What you have to do: Every line below needs to be printed again exactly, without any of its pictures.

Data excerpt:
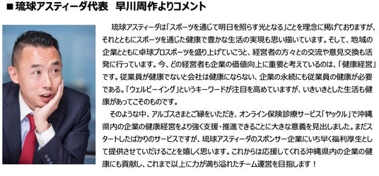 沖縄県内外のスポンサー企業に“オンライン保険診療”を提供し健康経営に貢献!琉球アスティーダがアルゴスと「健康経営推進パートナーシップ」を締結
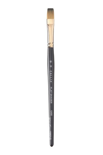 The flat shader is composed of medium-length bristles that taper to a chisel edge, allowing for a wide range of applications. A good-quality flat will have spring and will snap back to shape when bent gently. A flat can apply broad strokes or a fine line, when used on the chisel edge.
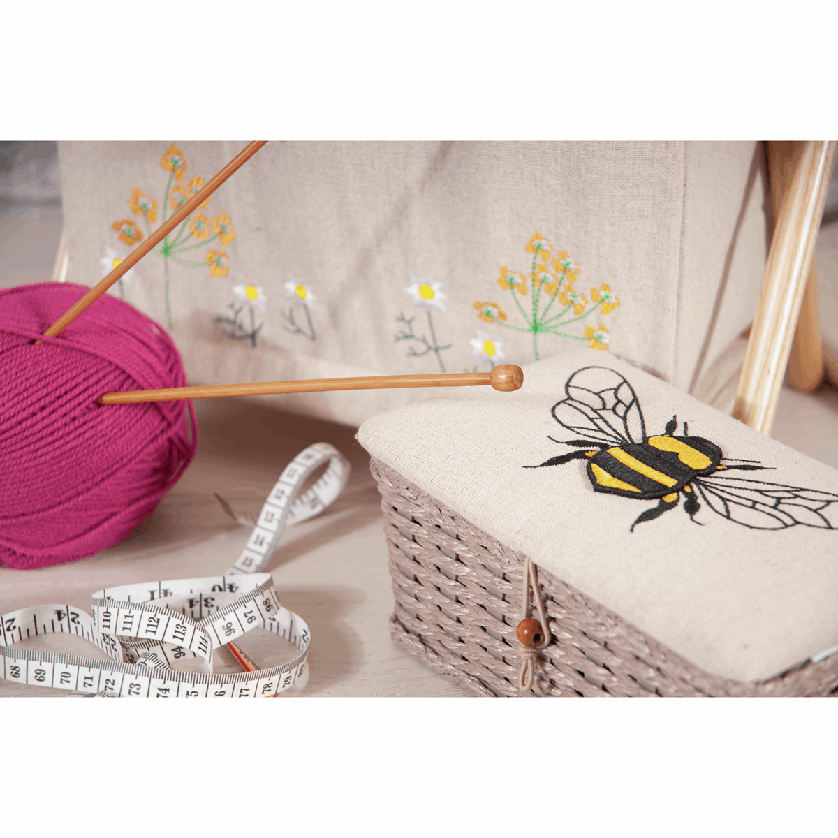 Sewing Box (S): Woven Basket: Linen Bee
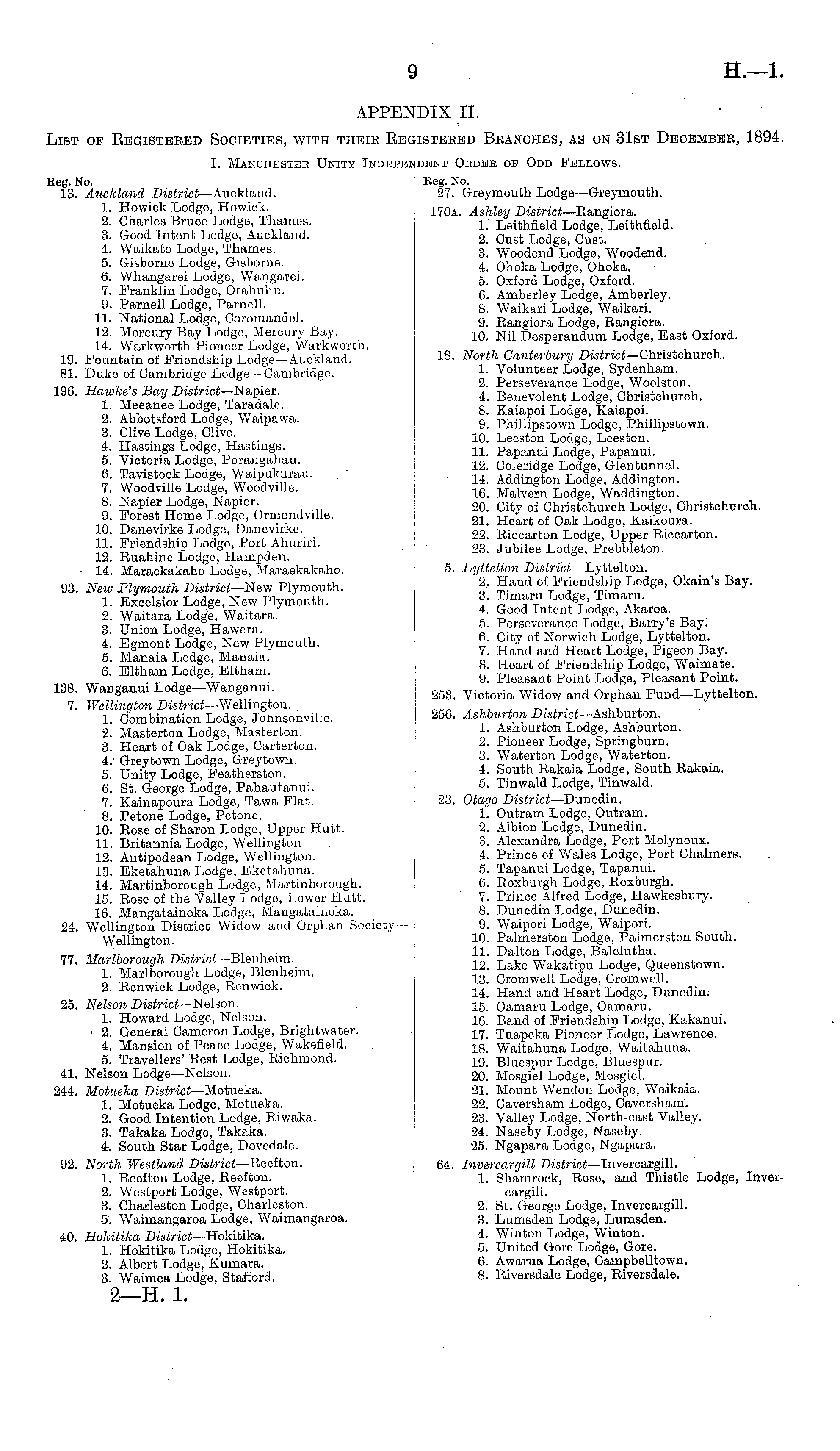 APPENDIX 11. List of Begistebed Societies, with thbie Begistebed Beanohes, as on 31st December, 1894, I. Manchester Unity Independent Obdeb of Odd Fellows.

Answer box:
 沖縄県内外のスポンサー企業に“オンライン保険診療”を提供し健康経営に貢献!琉球アスティーダがアルゴスと「健康経営推進パートナーシップ」を締結
 The flat shader is composed of medium-length bristles that taper to a chisel edge, allowing for a wide range of applications. A good-quality flat will have spring and will snap back to shape when bent gently. A flat can apply broad strokes or a fine line, when used on the chisel edge.
 Sewing Box (S): Woven Basket: Linen Bee
 APPENDIX 11. List of Begistebed Societies, with thbie Begistebed Beanohes, as on 31st December, 1894, I. Manchester Unity Independent Obdeb of Odd Fellows.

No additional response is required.